[slayer]

If you mix 5.00 mol of NaBrO with 2.50 mol of HBr in 10.0L of water, what will be the pH of the resulting solution?


I was waaaaay off when i did this problem. This is how I tried to solve it.

since the solution = 10L, I used the mols of each substance and divided it by 5.0L, assuming that the 10L consisted of equal portions of NaBrO and HBr

therefore, 2.50mol HBr / 5.0L = 0.5M
and 5.00mol NaBrO / 5.0L = 1M
I think i was way off here too. but i couldnt find another way to determe the starting molarity of the
reactants.

this is the equilibrium reaction that I decided to construct:
BrO^- (aq) + H₂O (l) <----> HBrO (aq) + OH^-

I then created an ice table
[1; -; <--> 0.5; 0]
[-x; -; <--> -x; +x]
[1-x; -; <--> 0.5 -x; x]

0.5 - x = x
0.5 = 2x
x = 0.25
-log [0.25] = .602 = pOH

pH = 14 - pOH
therefore, pH = 14 - .602
pH = 13.4

this is so wrong. but i dont know where I made my mistakes.
can someone please help me?

[Borek]

You reaction equation describes just solution of salt of weak acid. You have strong acid in the solution as well.

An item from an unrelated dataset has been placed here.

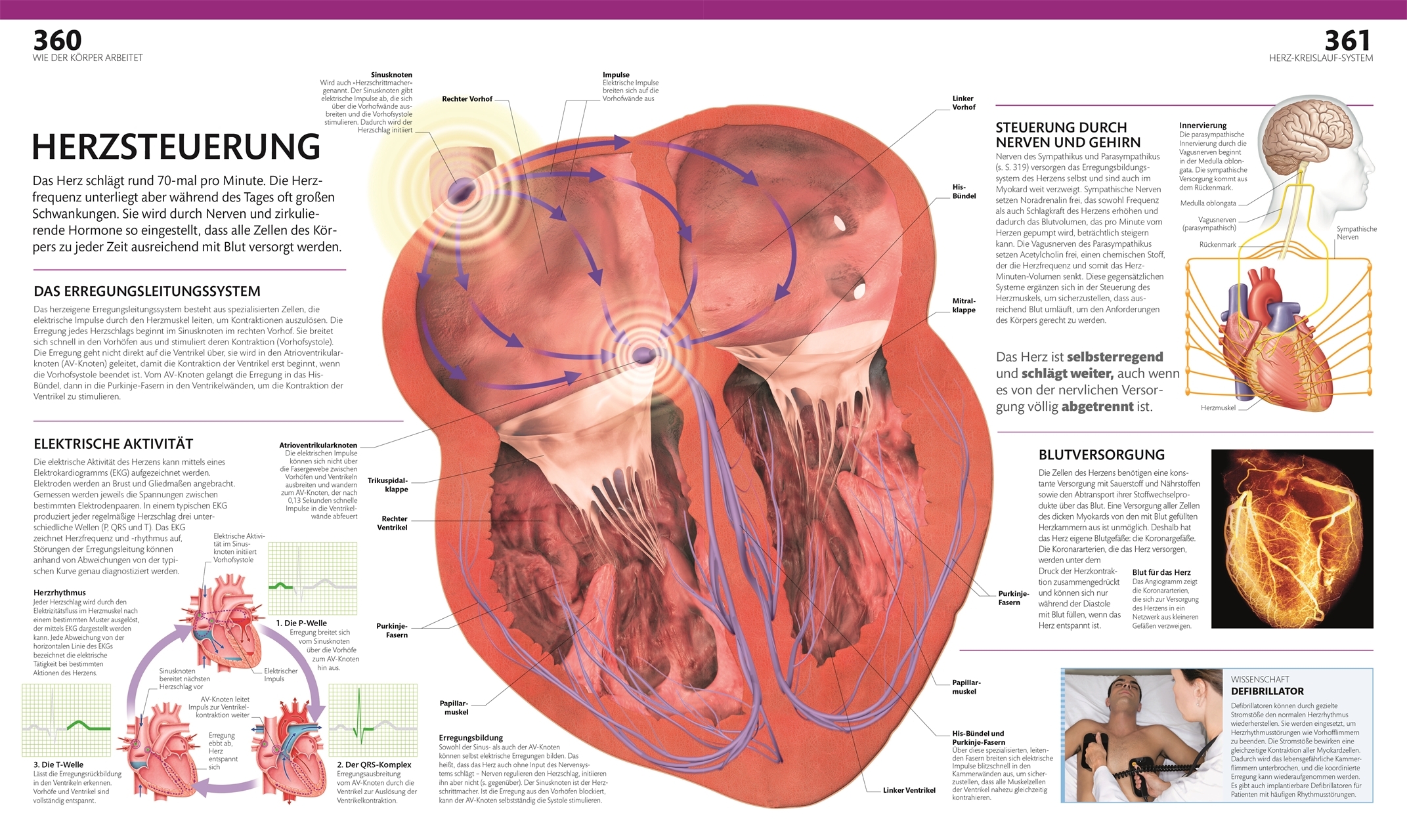 Wie groß ist das Herz? Wie funktioniert das Nervensystem? Und wie wird aus einem Embryo ein ausgewachsener Mensch? Die illustrierte Enzyklopädie beantwortet ausführlich alle Fragen zur Physiologie und Anatomie des Menschen. In fünf umfangreichen Kapiteln führt es die Leserinnen durch sämtliche Körperregionen, zeigt anschaulich, *wie der Körper funktioniert , welche Entwicklungsstadien wir in unserem Leben durchlaufen und wie die Evolution unsere Entwicklung beeinflusst hat. Von der Fortpflanzung über Haut, Haare und Nägel bis zum komplexen Verdauungssystem: Spektakuläre, teilweise maßstabsgetreue Abbildungen** machen dieses Anatomiebuch zum ultimativen Nachschlagewerk für alle, die sich für Medizin, Biologie und den menschlichen Körper interessieren.

This will be a buffer solution.

[AWK]

Assuming HBrO is stable, and dilution of buffer does not matter, you have 2.5 moles of NaBrO and HBrO in this case pH is approx. equal pKa of this acid

[slayer]

so with the equation

pH = pKa + log [[A-]/[HA]]

I am supposed to figure it out. But I dont know what Im supposed to do with this equation. I dont know what my molarities are. I cant just take the given 2.0moles of HBr and divide it by 10 liters of water, right?

and i assume with the pKa, Im supposed to find that on the pKa/ Ka appendix.

How do I construct my equilibrium reaction?

[Borek]

I dont know what my molarities are.

Assume that protonation of BrO^- was complete. That's the way you do it. See pH of uffers for more detailed discussion.

[slayer]

So borek, what youre saying is that there is 100% dissociation in this buffer?

if there is 100% dissociation, and my concentrations are 1:1, pH = pKa?

[Borek]

I would not call it 100% dissociation, although I have no better name for what's happening here. More like no dissociation at all - just what was neutralized stays neutralized.